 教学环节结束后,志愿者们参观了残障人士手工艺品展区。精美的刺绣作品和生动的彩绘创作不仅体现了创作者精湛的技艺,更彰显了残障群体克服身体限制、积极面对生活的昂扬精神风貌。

──────

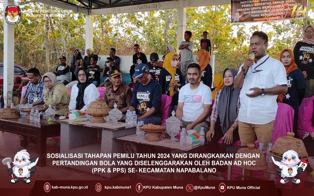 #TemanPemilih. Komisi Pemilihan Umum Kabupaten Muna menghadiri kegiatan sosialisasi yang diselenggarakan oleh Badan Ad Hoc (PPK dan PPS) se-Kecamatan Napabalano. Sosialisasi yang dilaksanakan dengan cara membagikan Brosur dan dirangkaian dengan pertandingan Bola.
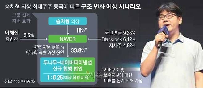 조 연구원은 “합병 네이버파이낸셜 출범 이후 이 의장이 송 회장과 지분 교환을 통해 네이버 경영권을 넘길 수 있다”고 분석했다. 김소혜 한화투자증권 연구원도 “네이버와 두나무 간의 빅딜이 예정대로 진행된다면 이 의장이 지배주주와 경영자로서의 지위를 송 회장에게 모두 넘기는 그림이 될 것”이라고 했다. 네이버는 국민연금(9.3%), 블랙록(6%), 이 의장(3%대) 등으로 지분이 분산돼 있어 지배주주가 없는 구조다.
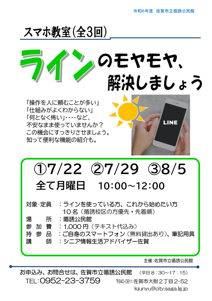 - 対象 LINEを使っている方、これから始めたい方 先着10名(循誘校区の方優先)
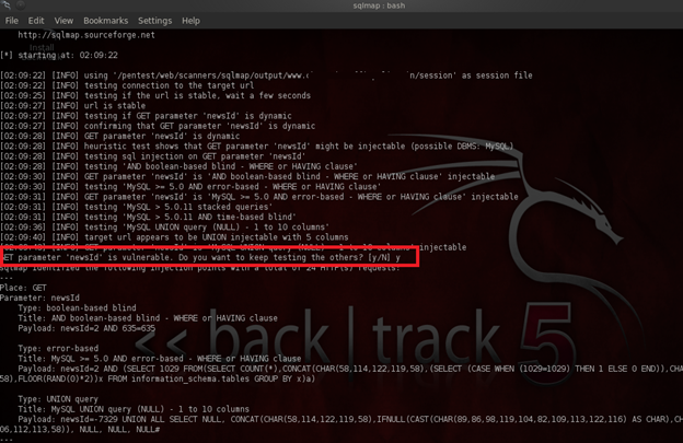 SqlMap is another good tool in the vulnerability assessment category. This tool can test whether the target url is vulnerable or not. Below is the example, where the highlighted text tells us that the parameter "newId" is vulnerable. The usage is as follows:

──────

→ ASSIGNED TASK: From the records above, give again only the part that opens with the line containing "- 対象 LINEを使っている方、これから始めたい方 先着10名(循誘校区の方優先)" and closes with the line containing "SqlMap is another". Keep both ends but drop the pictures.

→ REPLY:
 - 対象 LINEを使っている方、これから始めたい方 先着10名(循誘校区の方優先)
 SqlMap is another good tool in the vulnerability assessment category. This tool can test whether the target url is vulnerable or not. Below is the example, where the highlighted text tells us that the parameter "newId" is vulnerable. The usage is as follows:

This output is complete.